The following material will provide you with important information about the Health Insurance Portability and Accountability Act (HIPAA), a federal law that provides new privacy protections and patient rights with regard to the use and disclosure of your Protected Health Information (PHI) used for the purpose of treatment, payment, and health care operations. The notice of Privacy Practices, which is attached to this agreement, explains HIPAA and its application to your personal health information.

Client Rights

HIPAA provides you with several new or expanded rights with regard to your Clinical Records and disclosures of Protected Health Information (PHI). These rights include requesting that we amend your record; requesting restrictions on what information from your Clinical Records is disclosed to others; requesting an accounting of most disclosures of PHI that you have neither consented to, nor authorized; determining the location to which PHI disclosures are sent; having any complaints you make about our policies and procedures recorded in your records; and the right to a paper copy. We will be happy to discuss any of these rights with you.

Notice of Privacy Practices

This notice describes how medical information about you may be used and disclosed and how you can get access to that information. Please review it carefully.

We are required by applicable federal and state laws to maintain the privacy of your health information. We are also required to give you a copy of this Notice about our privacy practices, legal obligations, and your rights concerning your Protected Health Information (PHI). We must follow the privacy practices that are described in this Notice (which may be amended from time to time).

I. Uses and Disclosures of Protected Health Information (PHI)

A. Permissible Uses and Disclosures Without Your Written Authorization: We may use and disclose PHI without your written authorization, excluding psychotherapy notes as described in Section II, for certain purposes as described below. The examples provided in each category are not meant to be exhaustive, but instead are meant to describe the types of uses and disclosures that are permissible under federal and state law.

  1. Treatment: We may use PHI in order to provide treatment to you.

  2. Payment: We may use or disclose PHI so that services you receive are appropriately shared with your health plan. We may disclose PHI to permit your health plan to take certain actions before it approves or pays for treatment services.

  3. Health Care Operations: We may use and disclose PHI in connection with health care operations, including quality improvement activities, accreditation, certification, licensing, or credentialing activities.

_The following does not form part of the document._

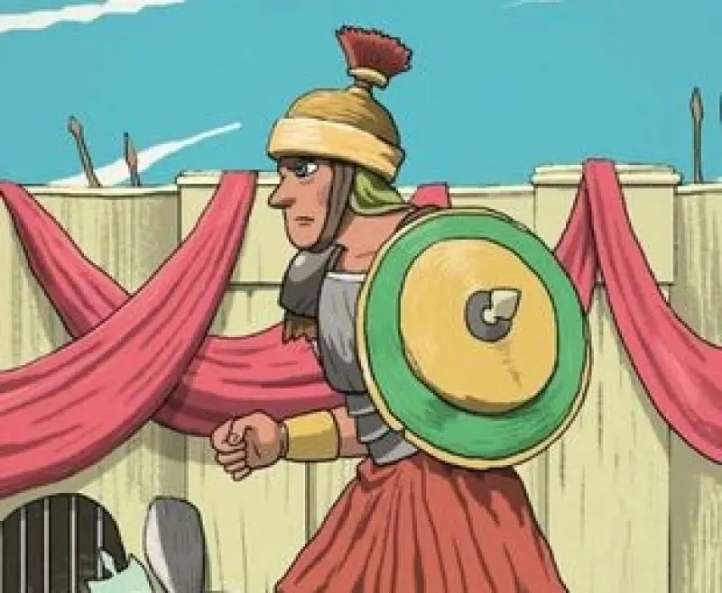 На картинці ми бачимо гладіатора, який готується до бою. Але йому не вистачає найважливішого предмета – його меча.

  4. Required or Permitted by Law: We may use or disclose PHI when we are required or permitted to do so by law. For example, we may disclose PHI to the extent necessary to appropriate authorities if we reasonably believe that you are a possible serious threat to yourself or others. Other disclosures permitted or required by law include the following: Disclosures for public health activities, health oversight activities including disclosures to state or federal agencies authorized to access PHI, disclosures to judicial law enforcement officials in response to a court order or other lawful process; disclosures to military or national security agencies, coroners, or otherwise as authorized by law.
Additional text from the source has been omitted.